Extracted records
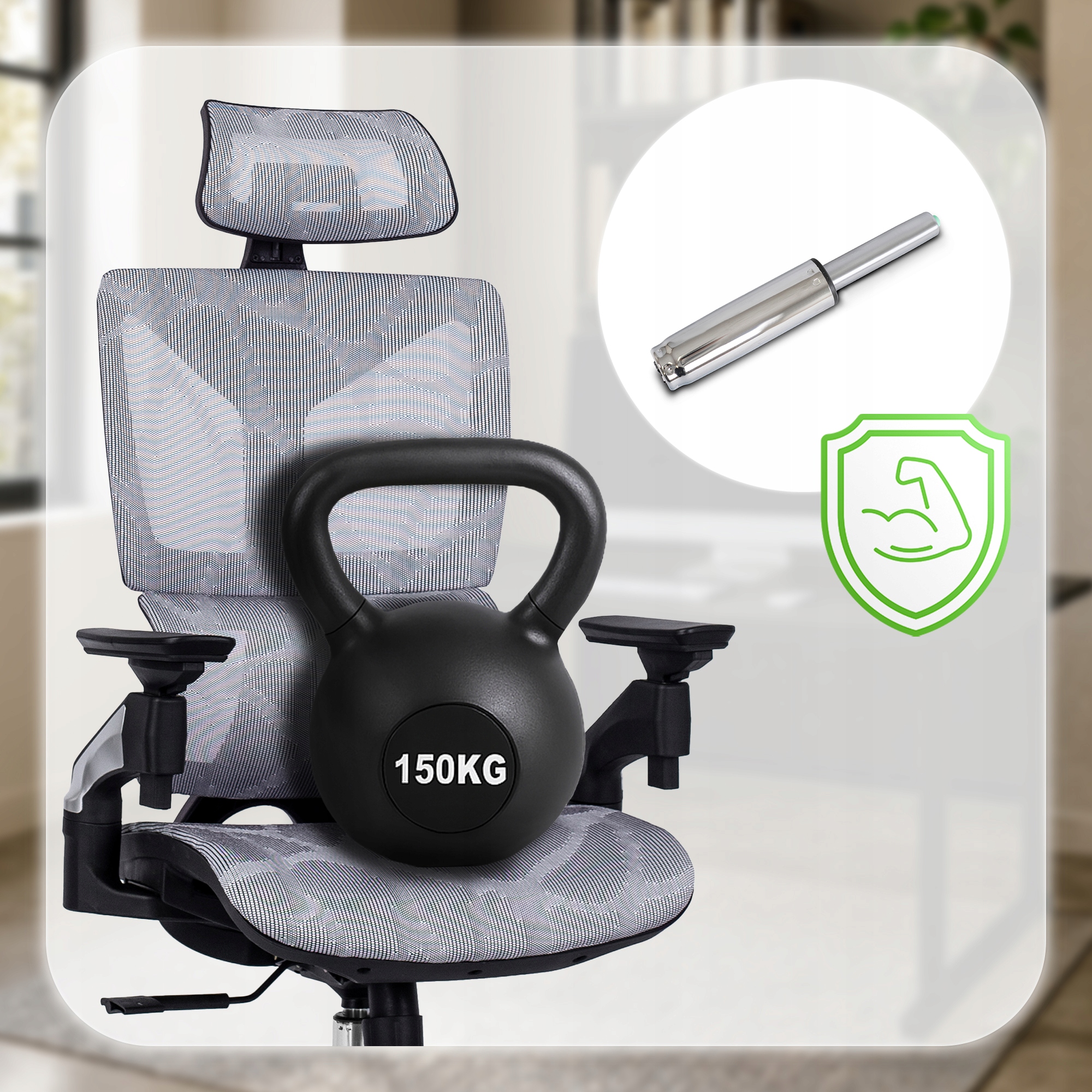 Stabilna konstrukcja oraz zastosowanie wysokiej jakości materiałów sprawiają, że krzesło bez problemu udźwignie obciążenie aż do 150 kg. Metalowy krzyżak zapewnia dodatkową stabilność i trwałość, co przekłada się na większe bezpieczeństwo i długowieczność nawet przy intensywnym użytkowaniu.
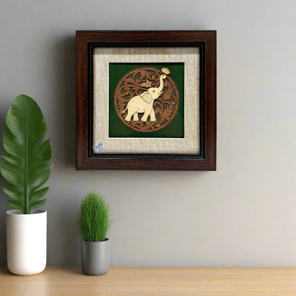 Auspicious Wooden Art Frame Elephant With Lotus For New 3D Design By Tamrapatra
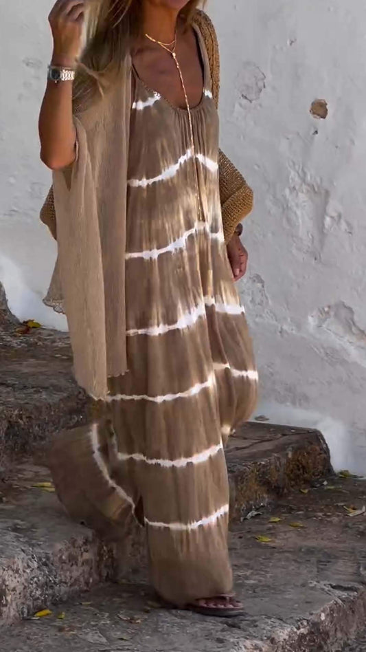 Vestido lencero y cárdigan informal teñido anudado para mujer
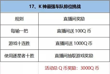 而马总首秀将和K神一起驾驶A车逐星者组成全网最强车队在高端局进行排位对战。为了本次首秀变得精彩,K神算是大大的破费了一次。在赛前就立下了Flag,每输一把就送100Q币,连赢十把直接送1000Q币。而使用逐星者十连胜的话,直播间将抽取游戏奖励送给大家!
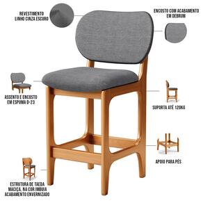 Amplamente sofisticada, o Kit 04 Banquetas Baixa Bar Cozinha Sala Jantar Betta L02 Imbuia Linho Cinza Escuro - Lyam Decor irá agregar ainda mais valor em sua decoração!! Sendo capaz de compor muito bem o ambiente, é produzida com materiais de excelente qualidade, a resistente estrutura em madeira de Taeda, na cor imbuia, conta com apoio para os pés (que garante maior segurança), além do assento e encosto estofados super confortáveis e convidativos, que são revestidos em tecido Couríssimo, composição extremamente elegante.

> **Task directions**
Would you give the entries above again verbatim, omitting the images they contain?

> **Completed exercise**
 Stabilna konstrukcja oraz zastosowanie wysokiej jakości materiałów sprawiają, że krzesło bez problemu udźwignie obciążenie aż do 150 kg. Metalowy krzyżak zapewnia dodatkową stabilność i trwałość, co przekłada się na większe bezpieczeństwo i długowieczność nawet przy intensywnym użytkowaniu.
 Auspicious Wooden Art Frame Elephant With Lotus For New 3D Design By Tamrapatra
 Vestido lencero y cárdigan informal teñido anudado para mujer
 而马总首秀将和K神一起驾驶A车逐星者组成全网最强车队在高端局进行排位对战。为了本次首秀变得精彩,K神算是大大的破费了一次。在赛前就立下了Flag,每输一把就送100Q币,连赢十把直接送1000Q币。而使用逐星者十连胜的话,直播间将抽取游戏奖励送给大家!
 Amplamente sofisticada, o Kit 04 Banquetas Baixa Bar Cozinha Sala Jantar Betta L02 Imbuia Linho Cinza Escuro - Lyam Decor irá agregar ainda mais valor em sua decoração!! Sendo capaz de compor muito bem o ambiente, é produzida com materiais de excelente qualidade, a resistente estrutura em madeira de Taeda, na cor imbuia, conta com apoio para os pés (que garante maior segurança), além do assento e encosto estofados super confortáveis e convidativos, que são revestidos em tecido Couríssimo, composição extremamente elegante.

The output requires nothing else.